LJ Hooker
- Formerly: L. J. Hooker Investment Corporation; Hooker Corporation;
- Company type: Proprietary
- Industry: Real estate
- Founded: 1928; 98 years ago
- Founder: Leslie Joseph Hooker
- Headquarters: Sydney, Australia
- Number of locations: 730 (2018)
- Area served: Australia, New Zealand, Indonesia, Papua New Guinea, Vanuatu, China and Hong Kong
- Key people: Janusz Hooker (chairman)
- Products: Real estate franchising real estate
- Services: Real estate; Property management; Property sales; Auction; Home loans and finance; Conveyancing and settlements; Project development; Project marketing;
- Owner: Each LJ Hooker office is independently owned and managed by its franchisees.
- Number of employees: 8,000 (2018)

= LJ Hooker =

Australian real estate company

LJ Hooker is one of Australia's largest real estate groups, with 600 franchise offices and 6,000 people engaged in residential and commercial property sales and property management. The company was founded in 1928 by Sir Leslie Joseph Hooker and after being sold to a private company for 20 years, the company returned to family hands in 2009.

==History==
The first LJ Hooker office was opened in Maroubra, New South Wales in 1928. Following the Depression, the company expanded and opened offices in Sydney, Kensington, Kingsford and Randwick. In 1936, LJ Hooker purchased the real estate business and offices of Woods & Co. in Kensington and Kingsford. In 1938, Rex Investments is registered and purchased real-estate agencies and hotels around Australia. The following year, LJ Hooker established its headquarters in Pitt Street, Sydney by buying H. L. Cross & Co., a city agency.
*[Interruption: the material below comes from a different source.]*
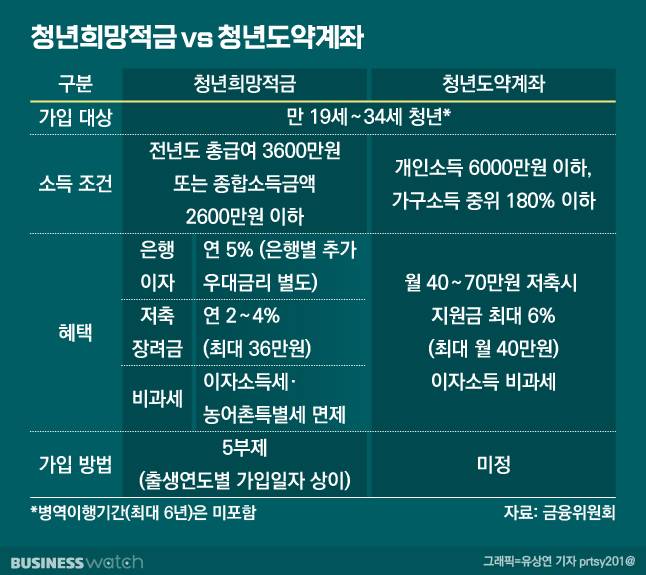 금융위 관계자는 "지난해 소득이 최초로 발생한 청년 중 청년도약계좌 가입기준을 충족하는 청년들은 청년희망적금 대신 내년 중 출시되는 청년도약계좌에 가입할 수 있을 것"이라며 "세대 내 형평성 우려를 방지하기 위해 지원 수준은 소득별 차등을 두도록 할 것"이라고 말했습니다.

In 1946, LJ Hooker bought the real estate business of Harold Bray Pty Ltd in Bondi Beach. In 1947, the company was floated on the Sydney Stock Exchange. The following year, LJ Hooker purchased F. Egan & Son, a real estate agency in Bondi Junction. In 1949, the company expanded into hotel brokerage.

In 1950, the tenth office was opened in Crows Nest and in 1951 the Manly office was opened after the purchase of Thorn Coleman & Co. LJ Hooker's expansion continued, and by 1953 the agency was the largest real estate agency in Australia. In 1955 Hooker Rex was established for the development of new homes in Batemans Bay, Kogarah and the Gold Coast through Hooker Rex Pty Ltd. In 1958, the company's name was changed to L. J. Hooker Investment Corporation Ltd. In 1959, the Hooker Finance company was established.

In 1960, LJ Hooker became Australia's first national real estate agency network. The following year, Hooker Projects began developing nursing homes, motels and other projects. In 1963, Hooker House was opened in Sydney. Hooker Project offices were opened in Melbourne in 1966, Brisbane in 1967, Perth in 1968, and Townsville and Canberra in 1969.

In 1968, the company's name changed to Hooker Corporation Ltd. In 1969, Hooker Home Units was established, which specialised in building home units and town houses.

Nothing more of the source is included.